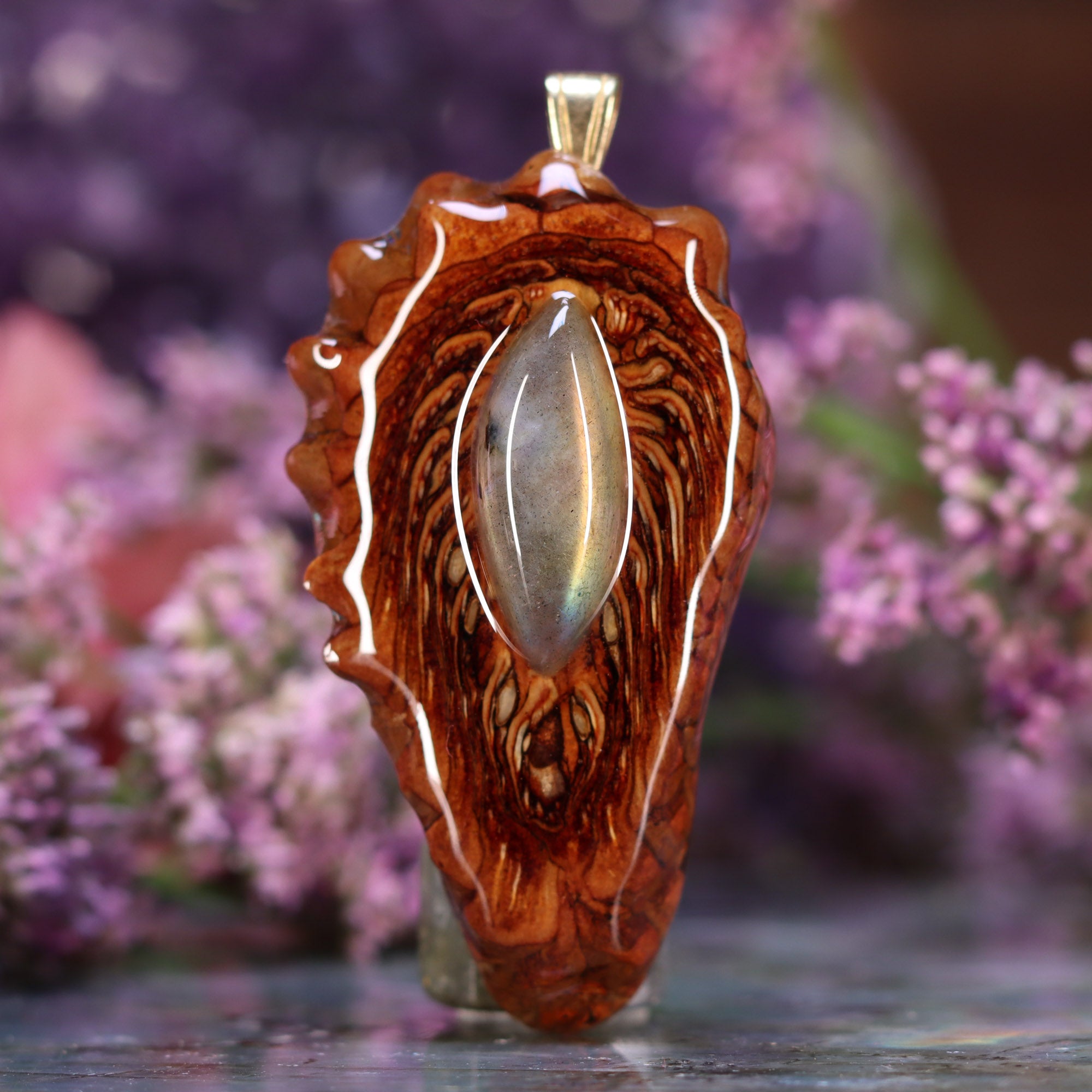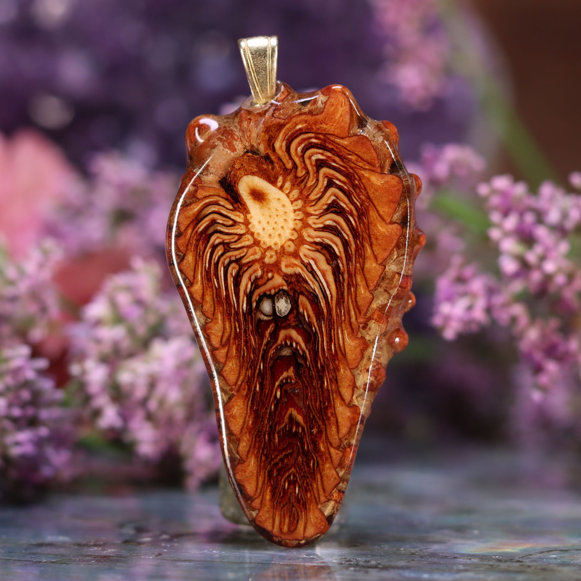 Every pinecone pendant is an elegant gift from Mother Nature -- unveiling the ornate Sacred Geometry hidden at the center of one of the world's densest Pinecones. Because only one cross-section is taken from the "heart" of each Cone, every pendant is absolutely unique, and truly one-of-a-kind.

-*-

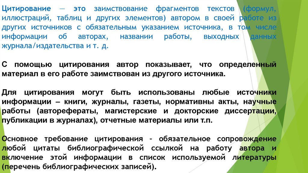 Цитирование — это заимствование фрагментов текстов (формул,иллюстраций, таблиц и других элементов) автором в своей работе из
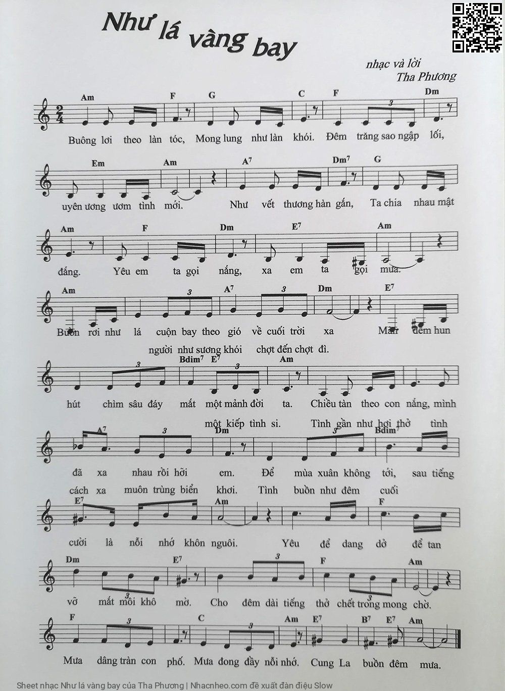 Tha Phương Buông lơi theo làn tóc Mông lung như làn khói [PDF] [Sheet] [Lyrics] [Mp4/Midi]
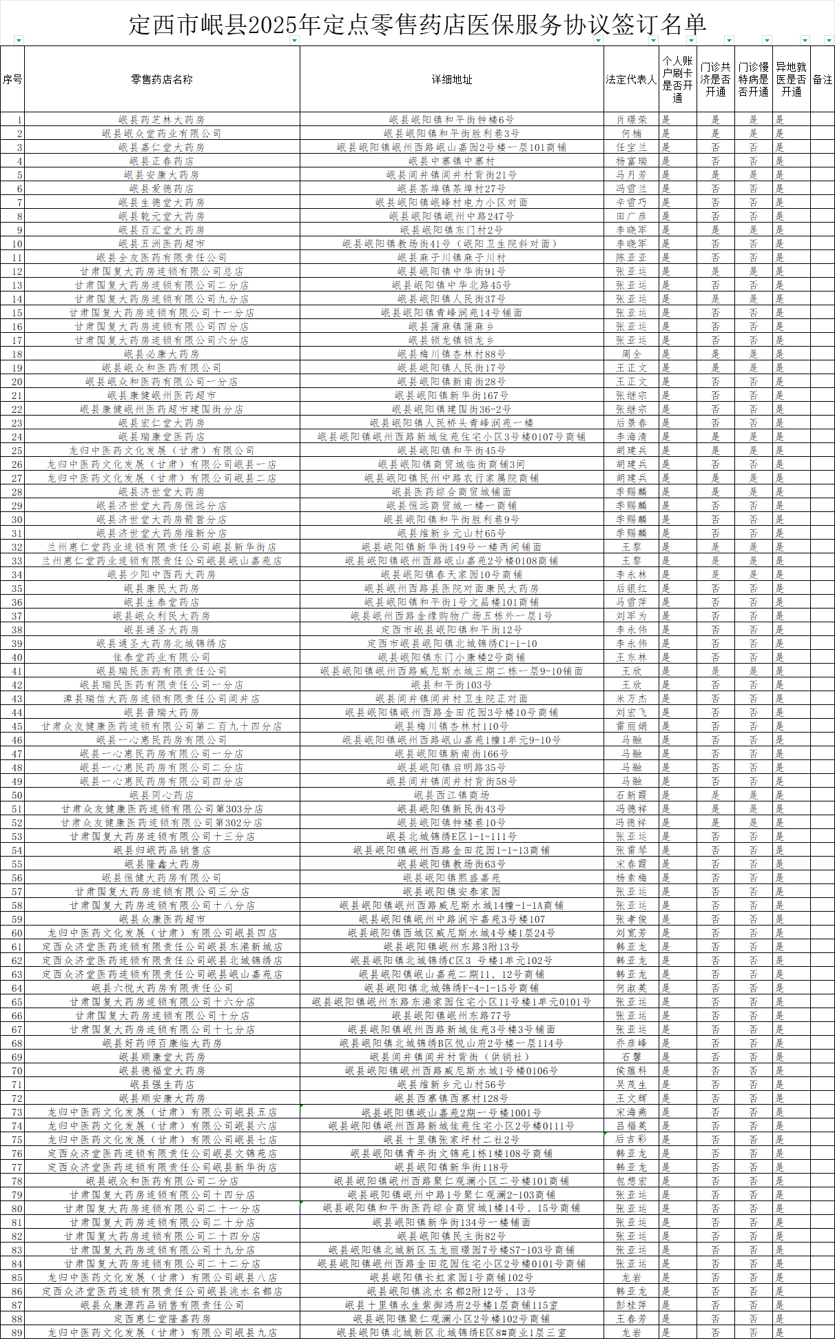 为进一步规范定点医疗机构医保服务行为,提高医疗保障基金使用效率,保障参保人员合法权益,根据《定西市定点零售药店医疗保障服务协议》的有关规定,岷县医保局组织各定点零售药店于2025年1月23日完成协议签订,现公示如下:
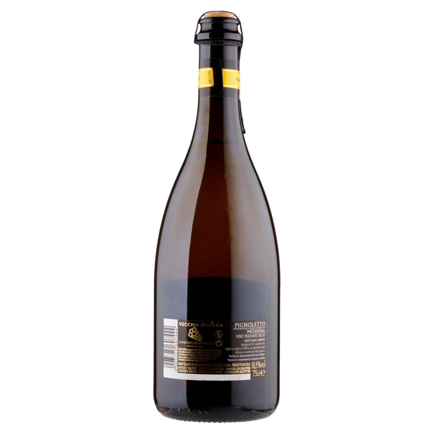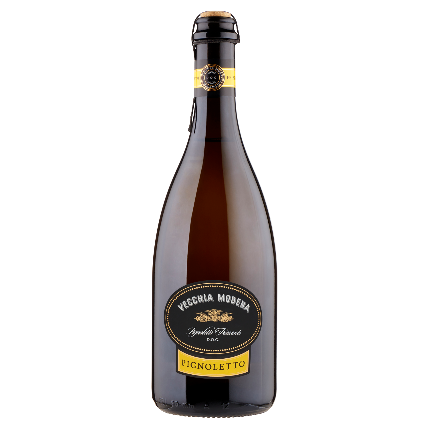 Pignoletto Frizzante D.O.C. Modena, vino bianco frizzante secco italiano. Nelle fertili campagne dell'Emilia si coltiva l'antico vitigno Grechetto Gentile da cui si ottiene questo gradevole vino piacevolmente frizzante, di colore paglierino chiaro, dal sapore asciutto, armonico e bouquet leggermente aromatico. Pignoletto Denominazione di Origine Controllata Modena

-*-

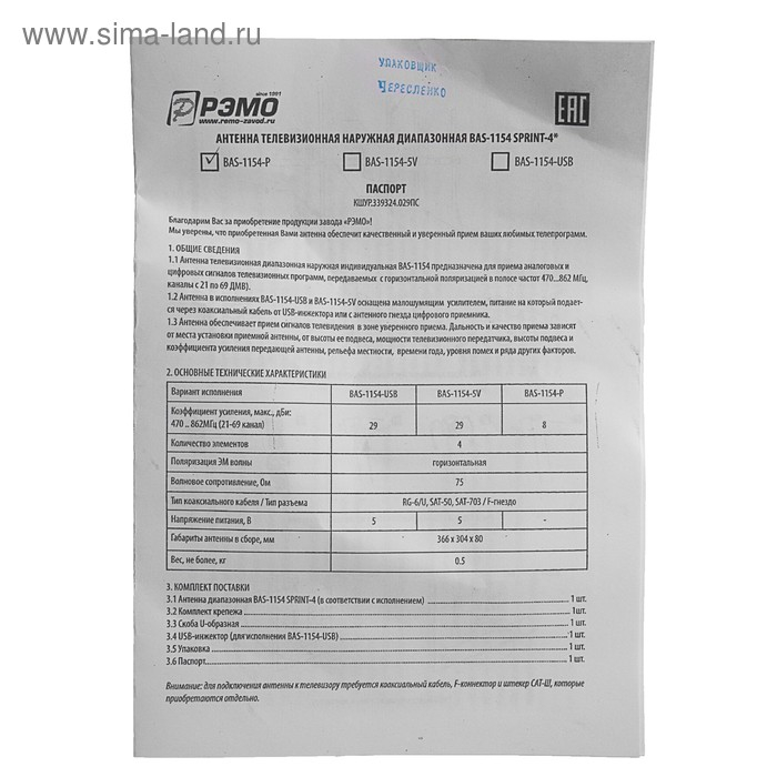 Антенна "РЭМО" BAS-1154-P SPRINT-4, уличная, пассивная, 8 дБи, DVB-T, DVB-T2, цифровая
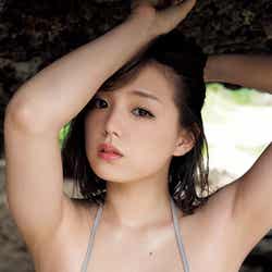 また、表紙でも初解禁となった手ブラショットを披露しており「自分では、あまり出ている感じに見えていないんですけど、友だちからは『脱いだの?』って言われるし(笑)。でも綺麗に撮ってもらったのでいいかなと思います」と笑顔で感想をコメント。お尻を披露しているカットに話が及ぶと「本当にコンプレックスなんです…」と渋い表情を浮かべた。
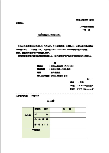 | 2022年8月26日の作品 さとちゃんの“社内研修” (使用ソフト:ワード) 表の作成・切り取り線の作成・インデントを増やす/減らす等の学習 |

-*-

* _TASK DESCRIPTION_: Could you repeat, exactly, only the lines above starting at the one that has "また、表紙でも初解禁となった" and stopping after the one that has "(使用ソフト:ワード) 表の作成・切り取り線の作成・インデントを増やす/減らす等の学習 |", without the pictures?

* _TASK ANSWER_:
 また、表紙でも初解禁となった手ブラショットを披露しており「自分では、あまり出ている感じに見えていないんですけど、友だちからは『脱いだの?』って言われるし(笑)。でも綺麗に撮ってもらったのでいいかなと思います」と笑顔で感想をコメント。お尻を披露しているカットに話が及ぶと「本当にコンプレックスなんです…」と渋い表情を浮かべた。
 | 2022年8月26日の作品 さとちゃんの“社内研修” (使用ソフト:ワード) 表の作成・切り取り線の作成・インデントを増やす/減らす等の学習 |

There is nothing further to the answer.